Наш мир – в отличие от твоего тюремного – больше размером, злее в нравах и подлее в общении; у вас всё на виду, твари видны сразу же; у нас, увы, подлец может считаться самым уважаемым человеком, хотя каждому известно, что он есть на самом деле.

Я получил письмо от миссис Роч. Дома все в порядке, Маргарет очень ждет своего папу, который вот-вот вернется из увлекательнейшего путешествия по Азии.

В Питтсбурге ни одна живая душа не знает о твоей истории, так что девочка убережена от вопросов.

Я написал пару писем в газеты Детройта, Чикаго и Питтсбурга, рассказав им про то, что у меня есть друг, за которого я могу дать любое гарантийное письмо, возвращающийся вскоре из кругосветного путешествия (как ты и предупреждал, я ни словом не упоминаю твою газету «Роллинг стоун»), проведший долгие годы в Аргентине, Бразилии, Гондурасе и Мексике, знающий жизнь юга нашего континента так, как никто другой.

Думаю, умные люди не смогут не заинтересоваться такого рода кандидатурой.

Так что, пожалуйста, не хандри и готовься к активной журналистской деятельности.

Крепко жму руку, твой

Ли Холл".

40

"Дорогой Ли!

Я хотел написать тебе большое письмо, но не смог сесть за стол, хотя дни были относительно спокойные, не было экзекуций, никто не умер в лазарете, раздирая сердце предсмертными криками, и не повесился в камере.

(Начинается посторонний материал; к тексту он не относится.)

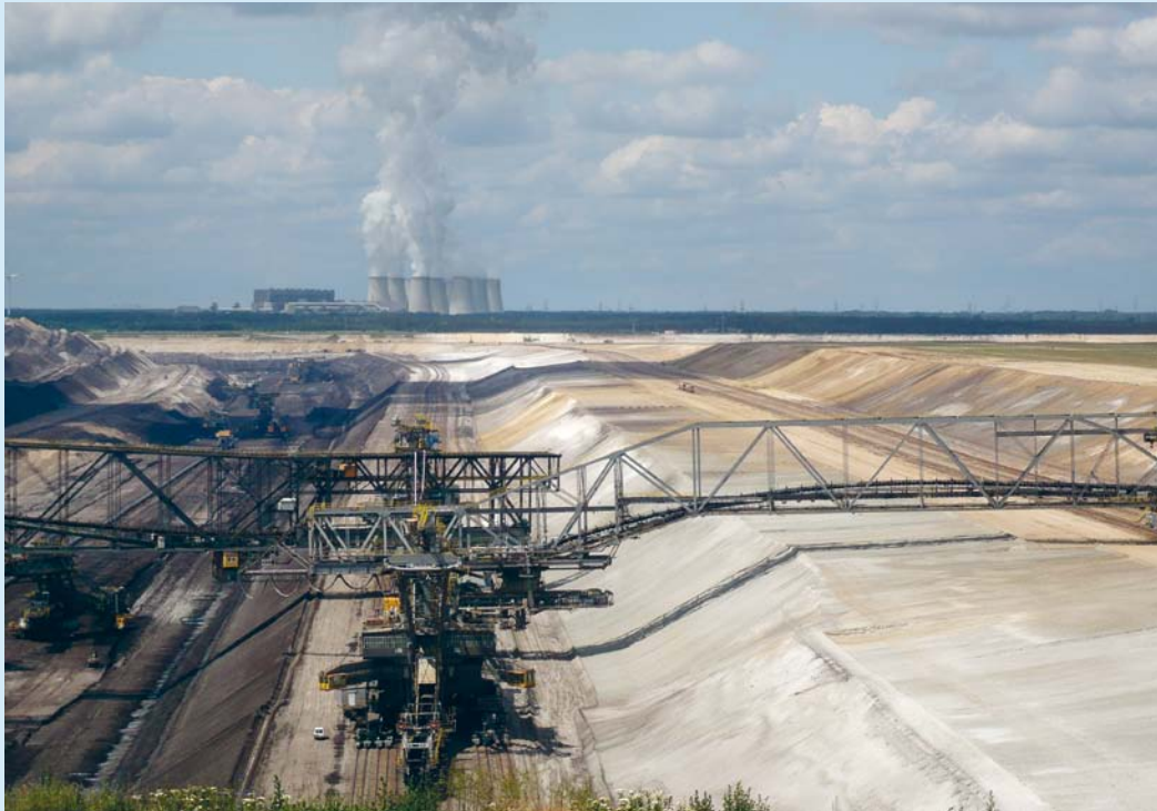
◀ Lignite mine at Jänschwalde, Germany, near the German Polish border.

of nuclear waste, stored in Brunsbüttel's underground caverns, revealed that they are in a disastrous condition. Almost every third vat of the examined 335 12 is severely damaged. Some of the vats are corroded to such an extent that they are leaking, turning the ground into pulp that is contaminated with the nuclear material, Caesium 137. The vats were not intended to be stored long term at Brunsbüttel but the final storage facility at 'Konrad' mineshafts has faced severe delays and will not now be complete until earliest, 2020. 13

Просто-напросто та девушка, Салли, документы по делу которой я собрал, сошла с ума. Болезнь не поддается лечению, поскольку безумие ее тихое; она сделала себе куклу (из подушки), ходит с нею по камере и поет ей одну и ту же песню про храброго капитана, который вознамерился переплыть все моря, но умер от тоски по своим детям, которых оставил дома. Она поет постоянно, с утра и до ночи, не прерываясь ни на минуту, словно граммофонная пластинка. Ее песня слышна арестантам, когда их выпускают на прогулку. Сначала люди не понимали, в чем дело, а потом в тюрьме началась истерика: «Пусть она замолчит!» Салли посадили в одиночную камеру без окон. Она никак на это не реагировала. Лицо ее постоянно сосредоточено, она поет, как работает.

Я напишу тебе попозже.

Билл".

41

"Хай, Джонни!

Как дела? Не болит ли твоя рана вечером, накануне дождя? Если бы я подставил свое плечо под вторую пулю, она б у тебя не болела уже девять лет, на кладбище никому не больно! Как Па? По-прежнему держит на меня зло? Повлияй на него, чтоб он сменил гнев на милость. Я завязал отношения с поставщиками съестного для нашей богадельни, парни имеют с этого дела большие баки, у них связи, я им кое в чем помогаю, они обещали поговорить кое с кем о моем помиловании, так что если б Па поднажал, дело могло б выгореть. Фрэнк написал мне письмецо (целых двадцать семь слов, ну, разболтался!), что его пятилетнее заключение может окончиться на два года раньше, если Па прокрутит все свои судейские связи, особенно с сенатором Марком Ханна, я ж помню, как Па вытащил из тюряги его племянника, когда тот раздел своих компаньонов по серебряному бизнесу.

Мой здешний приятель банкир Карно скоро выходит на свободу, он бы мог выйти раньше, но дяди в Верховном суде намекнули, что это будет стоить ему пятьдесят тысяч баков, а он жаден, как Иуда Искориот, предпочел отсидеть в своем здешнем будуаре лишних два года, только б не раскошелиться, а гробанул он два миллиона, куда ни крути, деньги.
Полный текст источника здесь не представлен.